[Start of section]
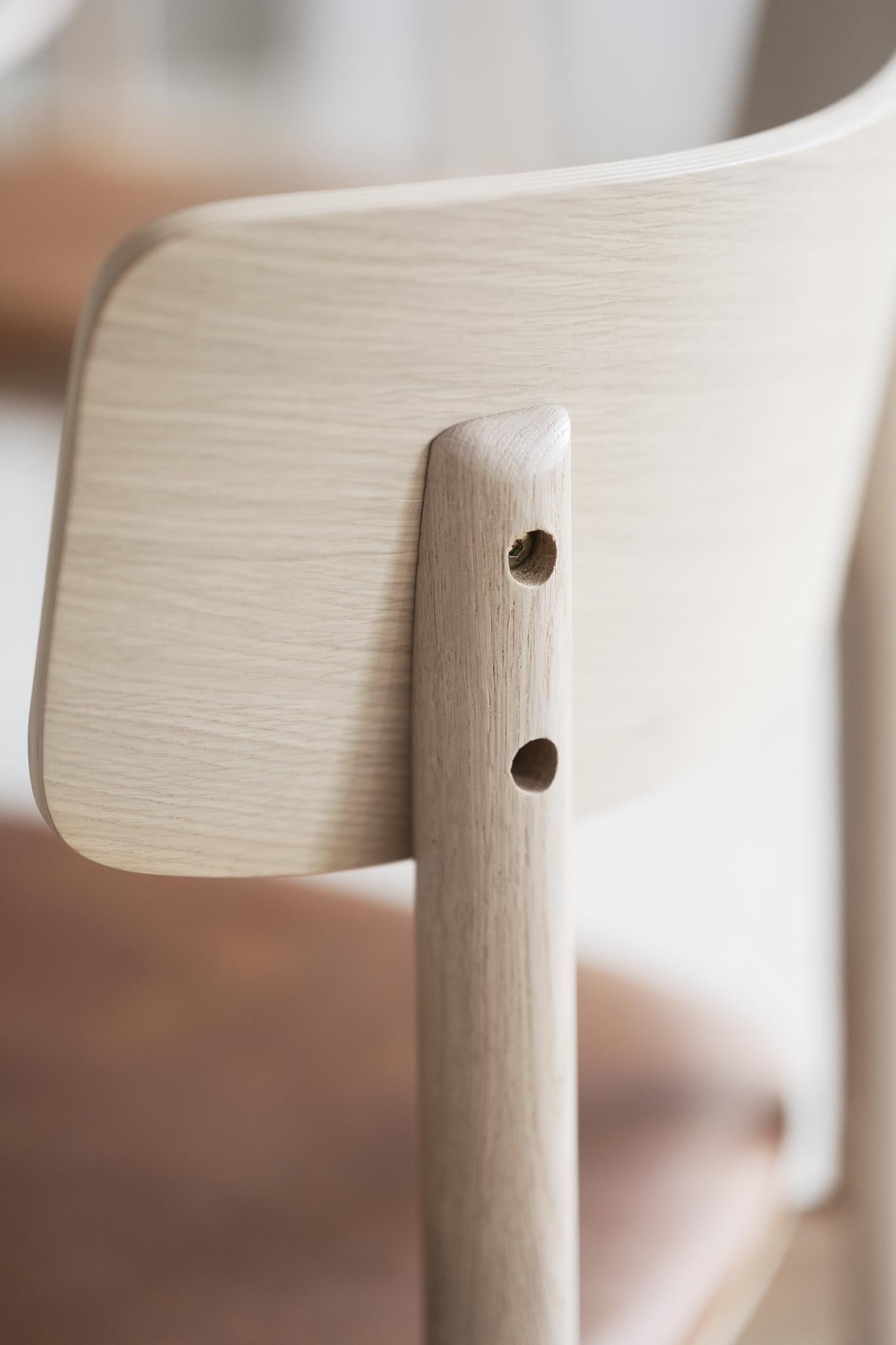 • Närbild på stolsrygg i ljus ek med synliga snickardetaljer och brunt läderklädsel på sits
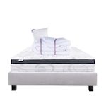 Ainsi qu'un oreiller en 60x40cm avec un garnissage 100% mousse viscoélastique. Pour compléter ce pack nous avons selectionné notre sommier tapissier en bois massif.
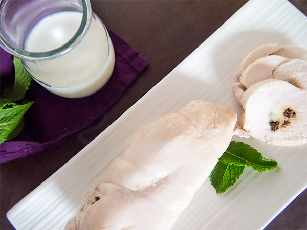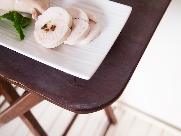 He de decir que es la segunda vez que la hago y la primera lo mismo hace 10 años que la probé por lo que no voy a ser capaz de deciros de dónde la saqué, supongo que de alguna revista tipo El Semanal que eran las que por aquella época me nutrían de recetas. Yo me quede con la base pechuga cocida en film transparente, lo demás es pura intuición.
[End of section]
- BRIEF:
Keep every word of the data as it is when you write it out, but drop the pictures.

- ANSWER TO THIS EXERCISE:
 • Närbild på stolsrygg i ljus ek med synliga snickardetaljer och brunt läderklädsel på sits
 Ainsi qu'un oreiller en 60x40cm avec un garnissage 100% mousse viscoélastique. Pour compléter ce pack nous avons selectionné notre sommier tapissier en bois massif.
 He de decir que es la segunda vez que la hago y la primera lo mismo hace 10 años que la probé por lo que no voy a ser capaz de deciros de dónde la saqué, supongo que de alguna revista tipo El Semanal que eran las que por aquella época me nutrían de recetas. Yo me quede con la base pechuga cocida en film transparente, lo demás es pura intuición.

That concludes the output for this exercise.